It's a bit of kink that sets the generally frothy piece in motion: Harry (Zach Braff), an unhappily married nebbish -- who's become a multimillionaire from the sale of a dot.com he founded -- visits a dominatrix on a "whim." Their session doesn't go as either of them planned and soon, Harry, who's learned that the woman's real name is Prudence (Sutton Foster), is asking if she'll have coffee with him.
Prudence's entry into Harry's world proves to have not only profound repercussions on him, but also on his depressed, passively aggressive wife Aleeza (Ari Graynor) and on Prudence's arrogantly genius boyfriend Morton (Bobby Cannavale), a man with anger issues and a bit of a gambling problem.

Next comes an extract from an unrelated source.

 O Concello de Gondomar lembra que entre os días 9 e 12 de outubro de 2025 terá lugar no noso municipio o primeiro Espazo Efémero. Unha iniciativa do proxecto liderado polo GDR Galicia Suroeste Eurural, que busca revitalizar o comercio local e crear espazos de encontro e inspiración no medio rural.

Weitz's set-up, from the brilliantly played opening scene in Prudence's dungeon to the moment when she and Aleeza discover that they might have more in common than either of them might have imagined, proves to be not only intriguing, but also the stuff of jaunty contemporary comedy. However, once Morton, who often seems as if he has stepped out of a play by David Mamet, has been introduced, Trust falters, and as Weitz schematically demonstrates that each of the characters is not the sort of person that they believe themselves to be, he also compounds the play with an unconvincing blackmail plot, tortured childhood secrets, and the inevitable romance between Harry and Prudence.
With each twist and turn in the script, though, the actors offer up keenly observed performances. Braff, with a winsome smile and a slightly boyish demeanor, makes Harry's nerdiness exceedingly appealing. He's deft with both physical and verbal comedy and can deliver some of Weitz's most cutting remarks with aplomb. When he tells Morton that "if you're gonna fuck someone's life...you better make sure you have a hard on," Braff makes it both hysterical and vaguely chilling.

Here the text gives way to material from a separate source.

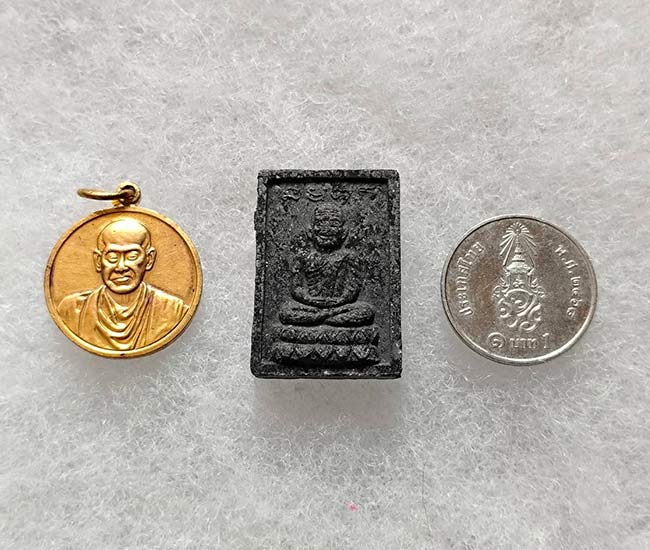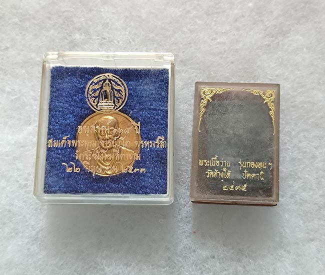 เหรียญสมเด็จพระพุฒาจารย์(โต) วัดระฆังฯ รุ่น 118 ปี พิมพ์เล็ก เนื้อทองแดงกะไหล่ทอง ปี 2533 + พระผงว่าน หลวงปู่ทวด วัดช้างให้ ปี 2535

Similarly, Foster (who looks equally at home in S&M gear and summer dresses both carefully chosen by costume designer Emilio Sosa) navigates the script with decided grace. And while it's no surprise that she can land Prudence's dry quips with finesse, the actress brings a sense of sadness and menace to the part that startles. Graynor and Cannavale deliver admirably, tackling Aleeza and Morton's sometimes enigmatic and contradictory actions with decided commitment.
Dubois' production unfolds with ease within the confines of grungy tiled space from scenic designer Alexander Dodge, which converts easily to various locations around Manhattan with a geometric chicness, that visually underscores the boxes of self-identification from which the characters emerge.